On Feb 17, 2008 1:36 AM, Karl Berry <address@hidden> wrote:
>     But...these, I think, have their own internal idea of which
>     replacements to do.
>
> In the case of TeX, the ligatures are completely controlled by the TFM
> file.  That information comes from the metrics that come with the
> original font, so whatever you specify would, ultimately, be used.
>
I see.  That's good.

>     It looks like many apps that will do obligatory replacements, simply
>     ignore the discretionary ones.
>
> Not surprising.  I wouldn't want an application to treat `st' and `ffi'
> the same, which is where we came in ...
>
Part of the reason for my concern was that I had only seen 'liga' and
'dlig'.  This isn't enough to distinguish necessary, everyday, and
nice ligatures.

Now I have seen 'rlig' ("required") which is the proper table for
ligatures in scripts that are incorrect without them.
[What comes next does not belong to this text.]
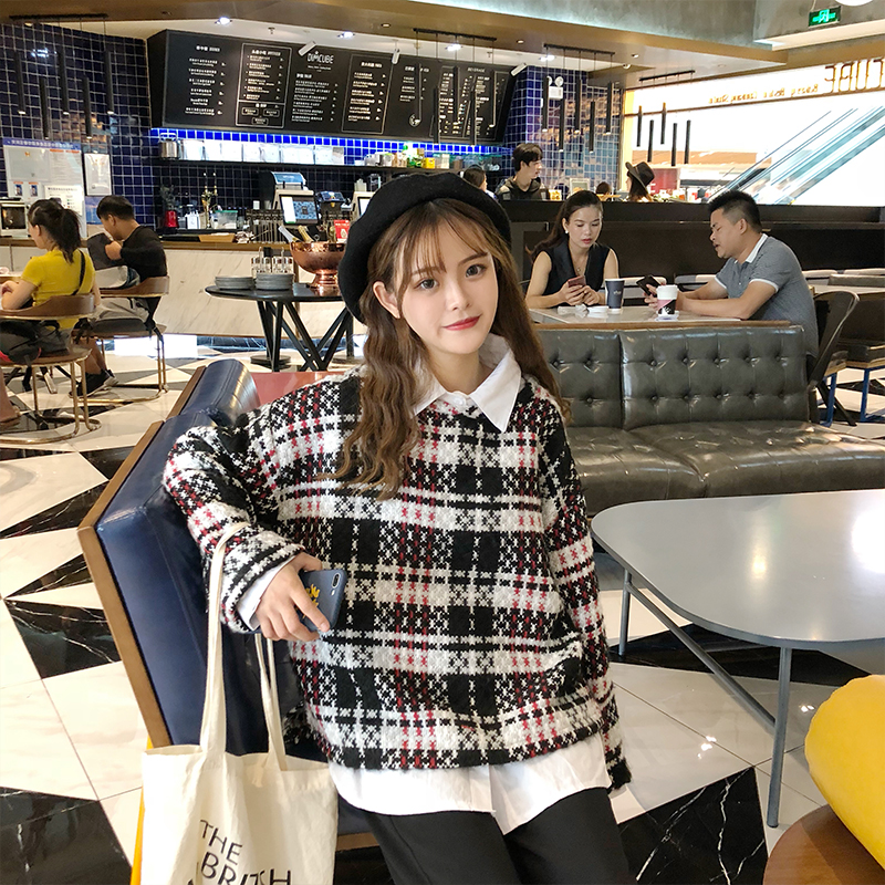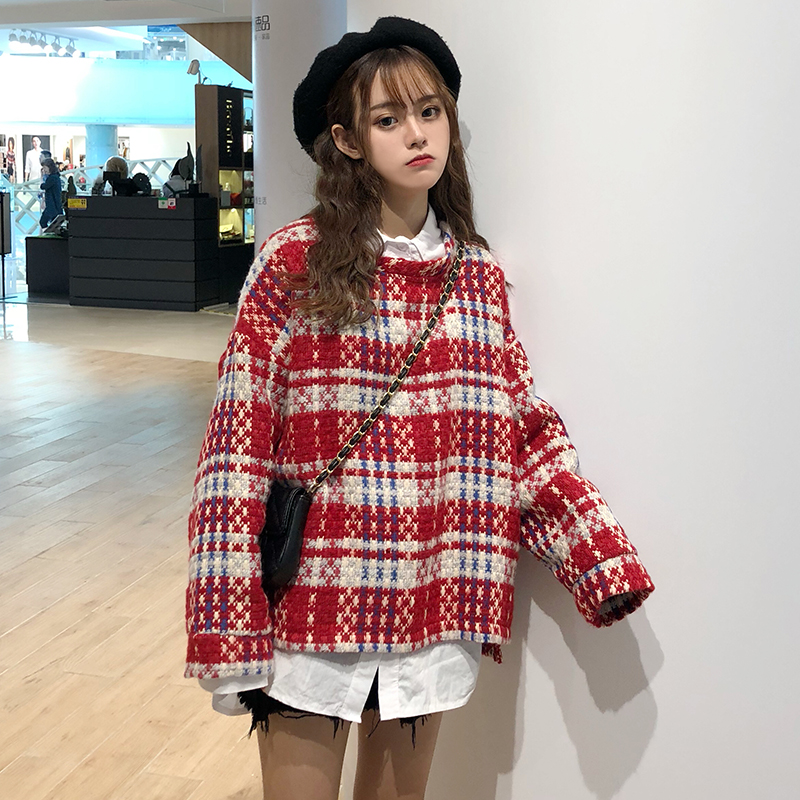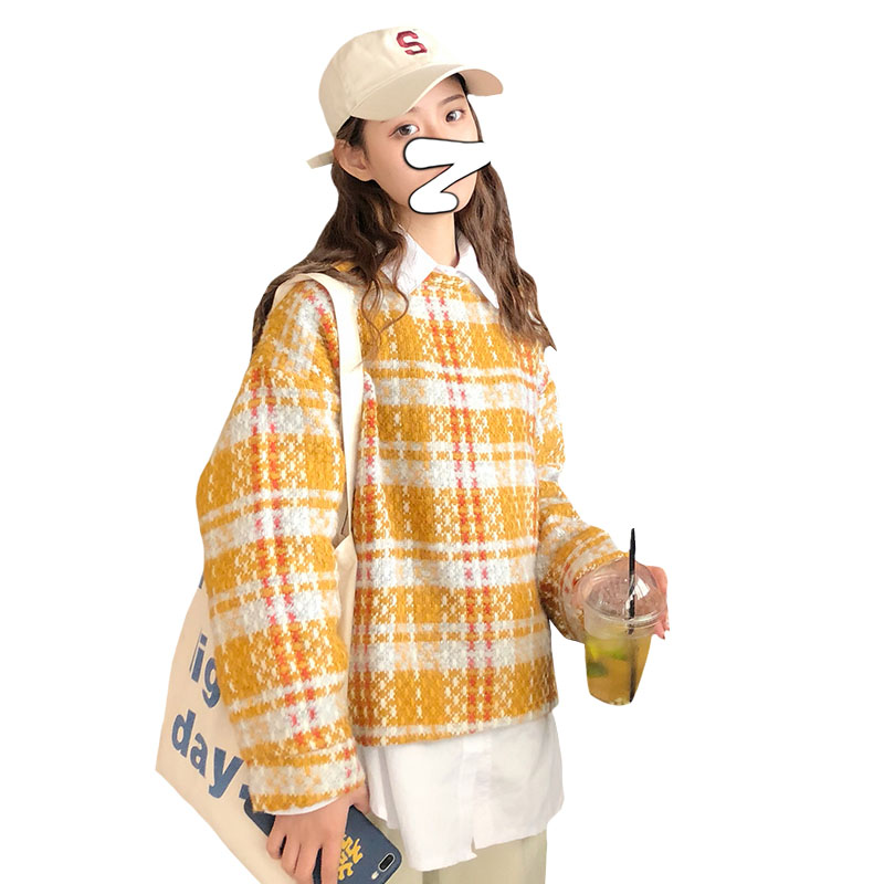 / 秋冬韓版學院風寬松格子呢子套頭超火衛衣上衣外套+中長款襯衫女

>     Could it be there is no standard policy as to how apps should handle
>     these tables?
>
> Even if there is a "standard" policy written down somewhere (I don't
> know of any myself), I would venture to say that there are plenty of
> applications that do whatever the heck they feel like.
>
Well yeah.  But that's why we distinguish between "standards" and
"natural laws".

There is a standard.  All of this is in OpenType.
A listing of tables from OpenType is here
    http://en.wikipedia.org/wiki/OpenType
The MS docs go into much more detail, e.g.
    http://www.microsoft.com/typography/otfntdev/arabicot/features.aspx

The Wiki article remarks that the MacOS lags a bit on conformance to
this standard.

> It sounds like what would work best in practice is to specify the
> ligatures we actually want to be used, like ffi, as obligatory, even if
> they may not be obligatory in a natural language sense.  Whereas marking
> ones we don't want to be used "by default", like st, to be
> discretionary.
>
Not as I now understand it.

The ffi etc should be in 'liga', which is used by many programs by default.
The ligatures required by some language scripts should be in 'rlig'.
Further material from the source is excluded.